Because I do love it. Even though I want to hate everything Benji Zane did and said and promised and destroyed, I can’t help loving Here.

Maybe Jared was right to call me out. Sometimes the dream just changes, and maybe it’s okay to end up not hating something you once thought was a miserable curse. The trick is to change with it. Adapt and respond.

Which I want to say is Rule #58 at Here, though it’s late and my numbers might be off.

* * *

“Let me see your hands,” Angela says as I throw my purse down on my desk in the back office. “Hold them out, spread your fingers.”

I know what she’s checking for, but she has nothing to worry about. Before the sun even came up, I took a cab to the halfway house on Monroe and put the ring and Benji’s knives in a small shopping bag with his name on it and left it with the front desk attendant. I didn’t leave a note or anything—not to be cold, but because there’s nothing to say. All I want is to stay the course.

Will I wonder “what if?” Possibly. Will I picture our could-have-been wedding and how amazing the food would have been? Yeah. What our kids would have looked like? Sure, wouldn’t be the first time. But that’s okay. I’m going to give myself a hall pass to do all of that because I know that eventually, visualizing the life I would have had with that imaginary Benji Zane—the one who wouldn’t have left me at the altar or been too drunk to hold down dinner or have left me barefoot and pregnant in whatever ramshackle apartment we could afford—will go from being a heartache to a foggy notion of something lost, to plain old silly daydreams of someone who never existed in the first place.

“No rings, okay, Angela? No rings,” I say, flashing my hands front to back like I’m surrendering.

“Thank fucking god. Look, I don’t want details. But I have to ask, is it over?”

“With who?” I need clarification.

“Good question. Let’s start with your zombie ex.”

“It’s handled.” I infuse my voice with that famous fake-it-’til-you-make-it confidence this industry is laced with. But between you and me, we’ll see is probably more appropriate at this point.
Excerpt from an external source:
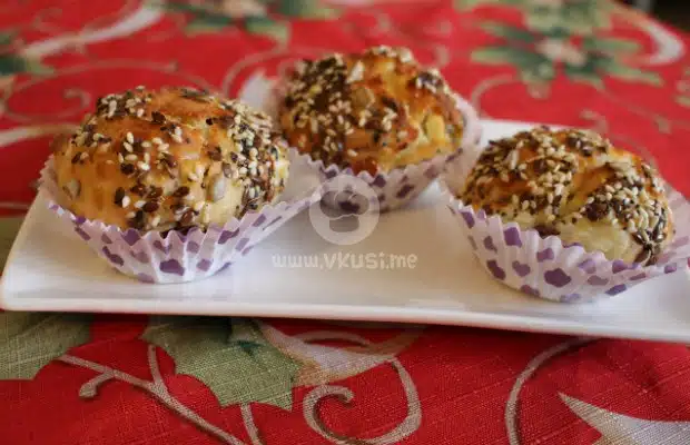 В силиконови формички за мъфини сипваме с помощта на лъжица от сместа. Формичките трябва да са запълнени на максимум 2/3 от обема, за да може мъфините да се надигнат и да се получи така характерното за тях „калпаче“ или „шапчица“. Поръсваме ги обилно със семената. Печем в предварително загрята фурна на 180 градуса за около 25-30 минути.

“And what about the J-man? TBD?”

“Probably more like PTSD given what he had to see yesterday.”

“Or what the whole city got to see today...” She tilts her computer screen my way. It appears Alexi has funneled a series of intimate paparazzi-style pics of Benji and me to FoodFeed and suddenly there’s an article titled: “Are things heating back up between Zane and Simon?” up on Angela’s monitor.

“God bless it,” I say. “You know what, don’t even forward it to me. I don’t want to know what they’re saying. Let’s just hope Jared doesn’t have access to the internet before I get a chance to tell him I love him.”

“Um. Hey. What’s up. Hello. YOU LOVE JARED???”

Shit. Did I say just that out loud? To Angela?

“I don’t know.” (Spoiler alert: I do.) “Maybe? But either way, it’s a long shot that he’ll ever want to go for this whole situation.” I gesture toward myself from top to bottom.

“Well, if it turns out that it is love, just know that means Rule #77 is out the window. You have my blessing.”

Angela’s blessing is good—no matter what the subject is. But her advice is what I really need.

“So how do I do it, Ang? How do I get this simple, sweet produce guy to pick the bruised apple?”

She slides an arm around my shoulder and our silent accord takes us straight to the espresso machine.

“That, I don’t know. But I do know we need our own reality show on Bravo. Stat.”